Dia bahkan menamparku dengan keras, meninggalkan bekas tangan di pipiku. "Kau mencium tunanganku!" tuduhnya berkacak pinggang.
Aku mencengkeram erat koperku, wajahku pucat "Bagaimana bisa, aku menyentuh tunangan Anda?" tanyaku heran.
"Kau mencari alasan!" Tangan gadis itu menjulur meraih ujung jaketku, dia mendorongku dan nyaris aku terjatuh tersandung sepatuku sendiri.
"Jesica!
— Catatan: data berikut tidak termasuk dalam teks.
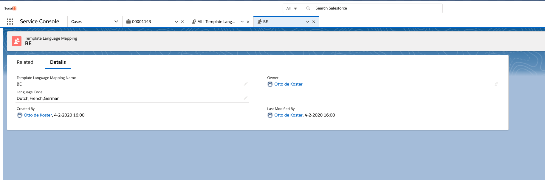 Let's now assume that your are chatting from a case, and that your Case object contains a formula field "Country". The data in field is fed from the related account and contains the value "BE" for your Belgian customers. A corresponding language mapping would look as follows:

Hentikan!" Sebuah suara kencang memaksa gadis itu berhenti meraung.
"Dia menciummu, Rayden!" katanya masih penuh kemarahan.
Aku membalikkan badan dan serigalaku tertawa terkekeh, "Kau lihat?"
Aku abaikan ejekan serigalaku itu.
Kali ini, aku terkejut karena lelaki pemilik mobil merah yang kutabrak beberapa waktu lalu--tengah berdiri angker di depanku.
Tangannya menyilang di dada dan matanya mendelik mencari jawaban dari mukaku.
"Tersenyumlah bodoh, pikat dia!" Roh serigalaku tiba-tiba berbicara.
"Oh, dia sangat tampan," tambahnya lagi.
Aku menggeram. "Diam! Dia tidak mungkin mengenaliku! Tidakkah kau lihat mata biruku sudah menjadi bola hitam?" kataku mengatupkan rahang, memaki mindlinkku sendiri yang gembira melihat pria itu.
Aku membuang mukaku. Untungnya, petugas bea cukai sudah selesai memeriksa koper.
"Anda bisa keluar dari pintu ini, Nona Jamila!"
Aku pun pergi. Hanya saja, pemuda itu mengejarku dan mengacuhkan raungan tunangannya.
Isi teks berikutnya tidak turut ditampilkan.